24 Juillet 2016 , Rédigé par lucien-pons Publié dans #La France, #La République, #La nation ., #Comité pour une Nouvelle résistance, #Terrorisme, #Daesch

L’attentat de Nice, causes réelles et dangers prévisibles…

… Ou la « complicité » politique des « élites » dirigeantes.

Par Jacques Cotta • Jeudi 21/07/2016

L’attentat de Nice, causes réelles et dangers prévisibles…  … Ou la « complicité » politique des « élites » dirigeantes. Par jacques Cotta.

Après le crime de masse commis à Nice Promenade des anglais, des certitudes plus contradictoires les unes que les autres ont été formulées d’heure en heure, de jour en jour, par les mêmes hommes politiques, commentateurs et « spécialistes du terrorisme » sur un ton ne souffrant aucune discussion. Chaque déclaration avait l’ambition de nous éclairer sur la personnalité du tueur, sur ses motivations, sur ses liens avec l’organisation terroriste internationale.

Ainsi a-t-on appris successivement :

a/ que l’assassin au camion était un membre de Daech et que « son implication dans les rangs de l’organisation terroriste » ne faisait aucun doute.

b/ puis qu’il était sans doute « un loup solitaire », « n’étant pas l’objet d’une fiche S », mais ayant tout de même été déjà poursuivi pour violences, avant qu’on apprenne qu’il avait été pris dans une altercation avec un automobiliste, ce qui est selon les chiffres officiels le cas d’un conducteur sur deux. Dans le même registre, qu’il était violent avec sa femme ce qui là encore le range dans la moitié des hommes qui vivant en couple ont un comportement pour le moins répréhensible.
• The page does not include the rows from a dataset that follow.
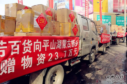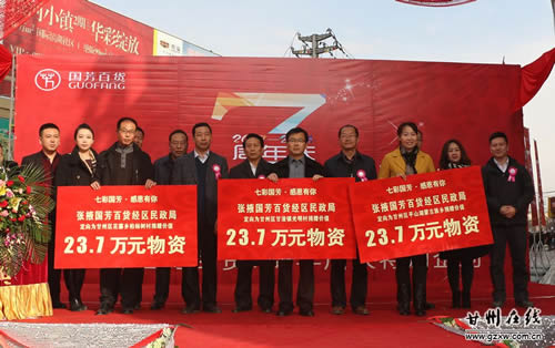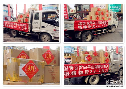 11月22日上午,張掖國芳百貨公司7周年慶典之際,為我區甘浚鎮光明村、花寨鄉柏楊樹(shù)村和平山湖鄉困難群眾一次性捐贈了價(jià)值71萬(wàn)元的物資。區委常委、常務(wù)副區長(cháng)秦偉、副區長(cháng)張興鋒出席了捐贈儀式。
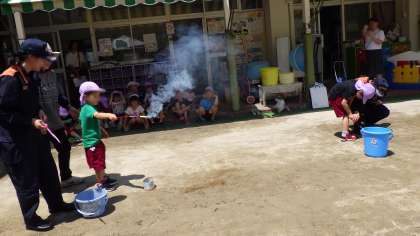 今日は、消防署からおもちゃ花火講習会に来てくださいました。
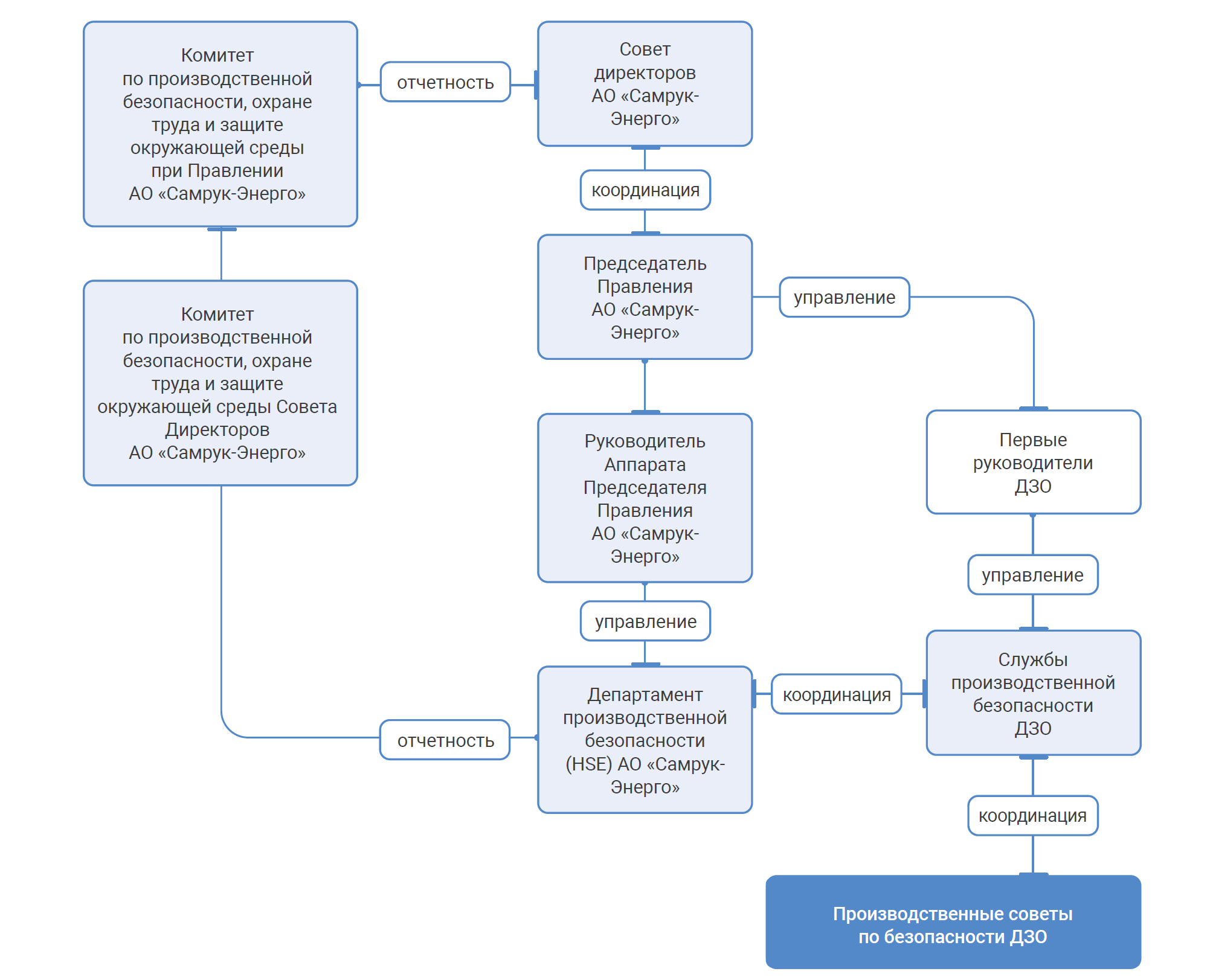 Координацию вопросов безопасности осуществляет директор по HSE, который отчитывается перед Председателем Правления и контролирует реализацию мер по улучшению системы охраны труда в компании и ДЗО. Руководитель подразделения HSE отвечает за предотвращение нарушений, реагирование на инциденты, мониторинг и анализ рисков. В дочерних организациях службы производственной безопасности подчиняются первым руководителям, а их квалификационный состав регулярно пересматривается для повышения эффективности.

c/ puis que le même était connu pour son goût du porc, de l’alcool, des relations sexuelles débridées, pour un comportement assez éloigné de celui que revendiquent en règle générale les djihadistes

d/ puis qu’il s’agirait d’un « fou », un « déséquilibré » en instance de divorce, criblé de dettes, qui aurait « pété les plombs ».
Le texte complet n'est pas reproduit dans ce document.